» **SUPPLIED RECORDS**:
◇ ◇ ◇ ◇
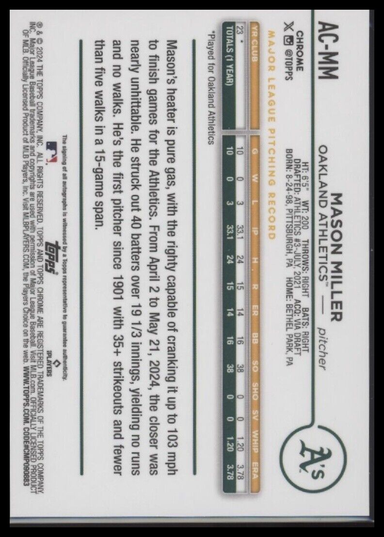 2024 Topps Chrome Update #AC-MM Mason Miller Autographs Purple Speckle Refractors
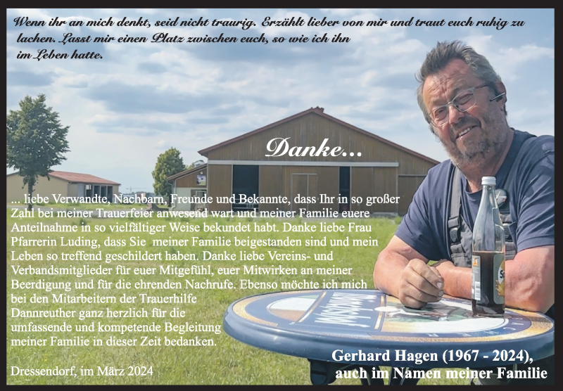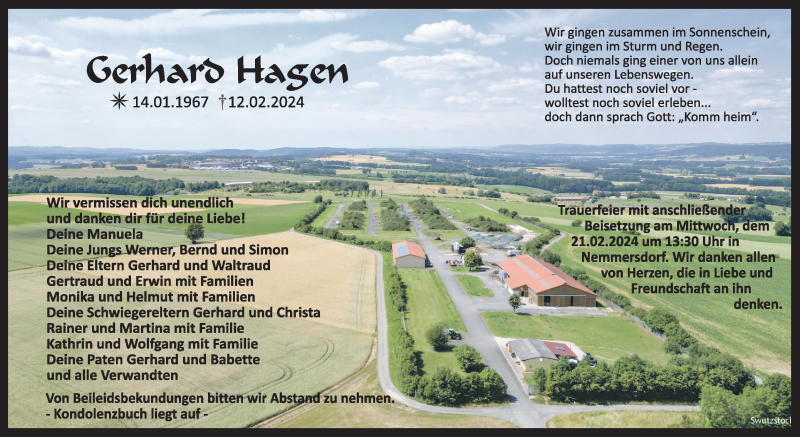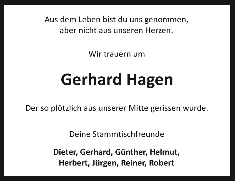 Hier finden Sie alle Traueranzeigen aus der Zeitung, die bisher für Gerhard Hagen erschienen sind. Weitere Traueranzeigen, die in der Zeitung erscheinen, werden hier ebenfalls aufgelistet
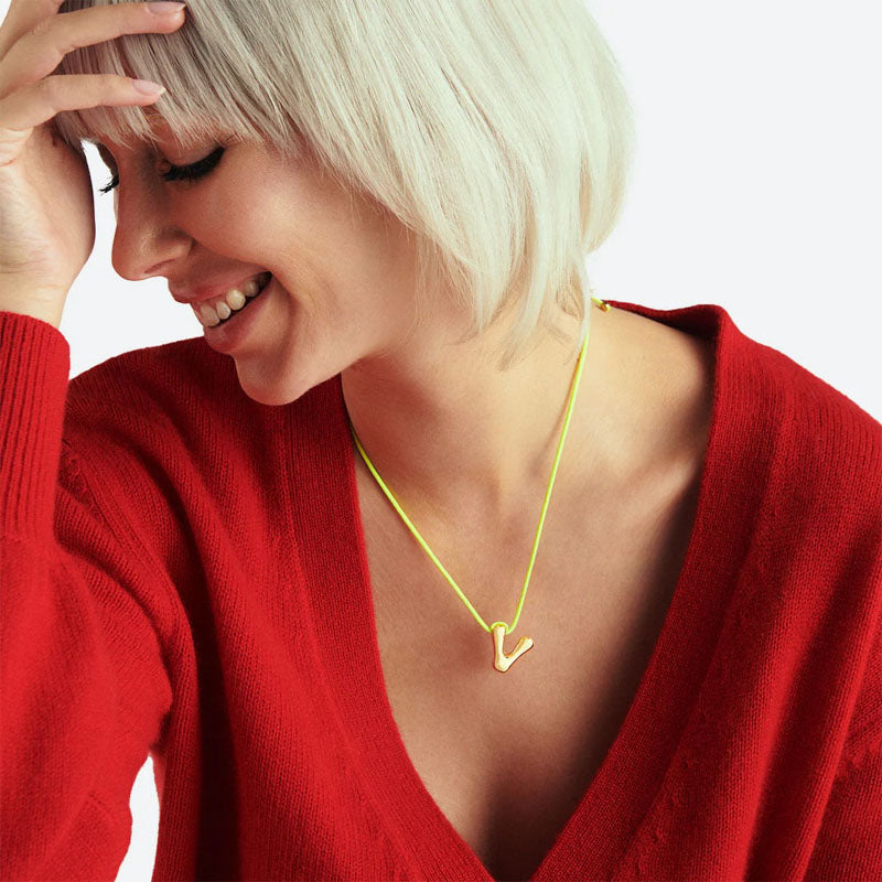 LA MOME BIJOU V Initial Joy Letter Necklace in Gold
◇ ◇ ◇ ◇
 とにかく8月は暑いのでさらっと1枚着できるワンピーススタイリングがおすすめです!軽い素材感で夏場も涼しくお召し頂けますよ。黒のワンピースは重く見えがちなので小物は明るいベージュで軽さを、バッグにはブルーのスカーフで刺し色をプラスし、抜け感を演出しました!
◇ ◇ ◇ ◇
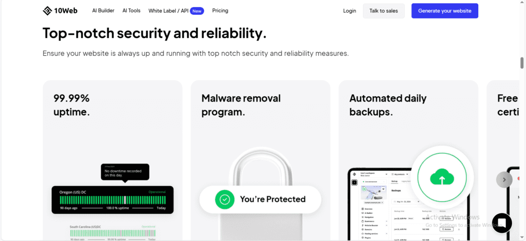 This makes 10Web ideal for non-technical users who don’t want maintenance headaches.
◇ ◇ ◇ ◇
» **TASK**: Taking the records above, print only and exactly the lines from the line with "Hier finden Sie" to the line with "LA MOME BIJOU", both kept, and exclude pictures.

» **SOLUTION TO THE EXERCISE**:
 Hier finden Sie alle Traueranzeigen aus der Zeitung, die bisher für Gerhard Hagen erschienen sind. Weitere Traueranzeigen, die in der Zeitung erscheinen, werden hier ebenfalls aufgelistet
 LA MOME BIJOU V Initial Joy Letter Necklace in Gold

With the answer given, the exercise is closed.